Discovery and SAR study of c-Met kinase inhibitors bearing an 3-amino-benzo[d]isoxazole or 3-aminoindazole scaffold

  • Bioorg Med Chem. 2015 Feb 1;23(3):564-78. doi: 10.1016/j.bmc.2014.12.002.
Xiaolong Jiang  1 Hongyan Liu  2 Zilan Song  3 Xia Peng  2 Yinchun Ji  2 Qizheng Yao  4 Meiyu Geng  2 Jing Ai  5 Ao Zhang  6
Affiliations
  • 1. Department of Medicinal Chemistry, China Pharmaceutical University, Nanjing 210009, China.

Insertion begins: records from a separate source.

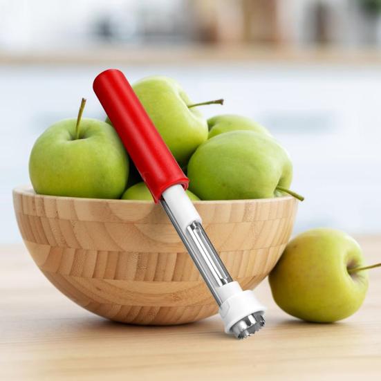 Беспроблемная уборка: Этот двухлезвийный нож для удаления сердцевины фруктов оснащен легко открывающимся рычагом и легко очищается простым ополаскиванием или может быть легко помещен в посудомоечную машину для тщательного ухода.. Сохраняйте кухонные инструменты в первозданном виде с легкостью.
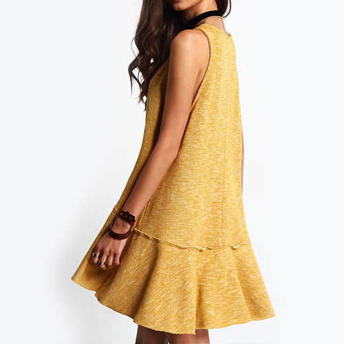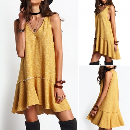 Fashion Sleeveless V-neck High-low Ruffle Hem Dress
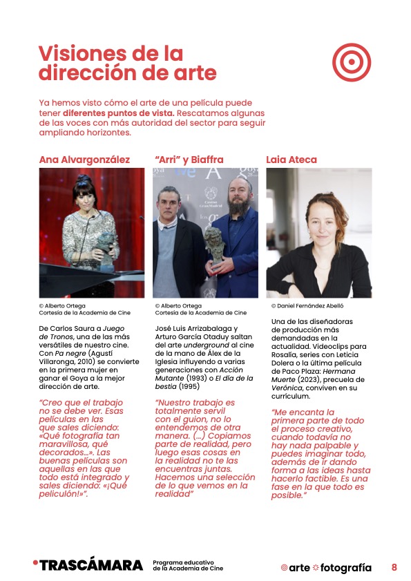 Trascámara, el programa educativo de la Academia de Cine busca acercar a la juventud el cine como arte colectivo y despertar el interés por los oficios y las artes que intervienen en su creación, así como facilitar a la comunidad educativa un contacto directo con el talento de los equipos técnicos y artísticos del cine español.
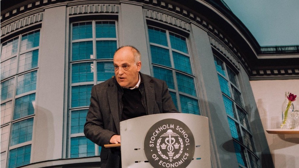 Tebas durante una conferencia en Suecia@Tebasjavier
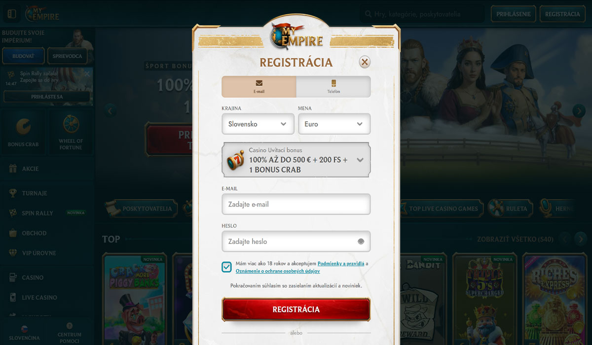 MyEmpire Casino je moderná a rýchlo rastúca online casino a stávková platforma, ktorá bola spustená v roku 2023 a je vlastnená a prevádzkovaná spoločnosťou Rabidi N.V., držiteľom licencie u Antillephone N.V. (Anjouan, licencia 8048/JAZ), ktorá riadi jej medzinárodnú prevádzku a zabezpečuje regulované hranie a zabezpečenie pomocou SSL šifrovania. MyEmpire, navrhnuté s pohlcujúcou témou Rímskej ríše, poskytuje obrovskú hernú knižnicu, ktorú priemyselné zdroje odhadujú na tisíce titulov – od 900+ do viac ako 12 000 hier, vrátane online automatov, progresívnych jackpotov, klasických stolových hier, instantných / rýchlych hier a rozsiahlej sekcie živého casina so živou ruletou, blackjackom, baccaratom, pokrom a game show od popredných poskytovateľov. Platforma tiež integruje sekciu športového stávkovania tam, kde je to povolené, ponúka trhy na futbal, basketbal, tenis, esporty a ďalšie športy so stávkovaním pred zápasom aj počas hry. Hráči môžu začať hrať s minimálnym vkladom zvyčajne od 10–20 EUR v závislosti od platobnej metódy, vrátane tradičných možností a kryptomien, a minimálne výbery sú podobne dostupné, hoci konkrétne prahy sa líšia podľa metódy; boli zaznamenané aj týždenné limity výberov okolo 7 000€. Výplaty cez e-peňaženky sú zvyčajne spracované rýchlo (často do 24 hodín), zatiaľ čo transakcie kartami a bankovými prevodmi môžu trvať až 3–5 pracovných dní a väčšie výbery môžu vyžadovať štandardné KYC overenie (ID a doklad o adrese) v súlade s pravidlami proti praniu špinavých peňazí. MyEmpire podporuje viacero mien vrátane eur a kryptomien, prevádzkuje VIP / vernostný program s výhodami, ako sú zvýšené limity a cashback, a jeho plne mobilne optimalizované webové stránky umožňujú hráčom pristupovať k plnej sade hier a stávkových funkcií na počítačoch aj moderných smartfónoch bez nutnosti samostatnej aplikácie.

  • 2. Division of Anti-Tumor Pharmacology, State Key Laboratory of Drug Research, Shanghai Institute of Materia Medica, Chinese Academy of Sciences, Shanghai 201203, China.

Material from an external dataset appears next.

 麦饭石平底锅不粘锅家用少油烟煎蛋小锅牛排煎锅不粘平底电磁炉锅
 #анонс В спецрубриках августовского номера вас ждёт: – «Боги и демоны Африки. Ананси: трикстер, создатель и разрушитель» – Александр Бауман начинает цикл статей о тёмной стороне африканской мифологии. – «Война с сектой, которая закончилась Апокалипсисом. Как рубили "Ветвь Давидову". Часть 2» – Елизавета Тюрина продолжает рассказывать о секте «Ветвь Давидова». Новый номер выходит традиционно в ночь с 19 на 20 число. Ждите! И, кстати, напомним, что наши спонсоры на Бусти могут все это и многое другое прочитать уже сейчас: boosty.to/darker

  • 3. CAS Key Laboratory of Receptor Research, Synthetic Organic & Medicinal Chemistry Laboratory, Shanghai Institute of Materia Medica, Chinese Academy of Sciences, Shanghai 201203, China.
  • 4. Department of Medicinal Chemistry, China Pharmaceutical University, Nanjing 210009, China. Electronic address: [email protected].
  • 5. Division of Anti-Tumor Pharmacology, State Key Laboratory of Drug Research, Shanghai Institute of Materia Medica, Chinese Academy of Sciences, Shanghai 201203, China. Electronic address: [email protected].
  • 6. CAS Key Laboratory of Receptor Research, Synthetic Organic & Medicinal Chemistry Laboratory, Shanghai Institute of Materia Medica, Chinese Academy of Sciences, Shanghai 201203, China. Electronic address: [email protected].
Abstract

A series of 3-amino-benzo[d]isoxazole-/3-aminoindazole-based compounds were designed, synthesized and pharmacologically evaluated as tyrosine kinase c-Met inhibitors. The SAR study was conducted leading to identification of nine compounds (8d, 8e, 12, 28a-d, 28h and 28i) with IC50s less than 10nM against c-Met. Compound 28a stood out as the most potent c-Met inhibitor displaying potent inhibitory effects both at enzymatic (IC50=1.8 nM) and cellular (IC50=0.18 μM on EBC-1 cells) levels. In addition, 28a had a relatively good selectivity compared to a panel of our in-house 14 RTKs.

Keywords
3-Amino-benzo[d]isoxazole; 3-Aminoindazole; Inhibitor; Non-small cell lung cancer; c-Met kinase.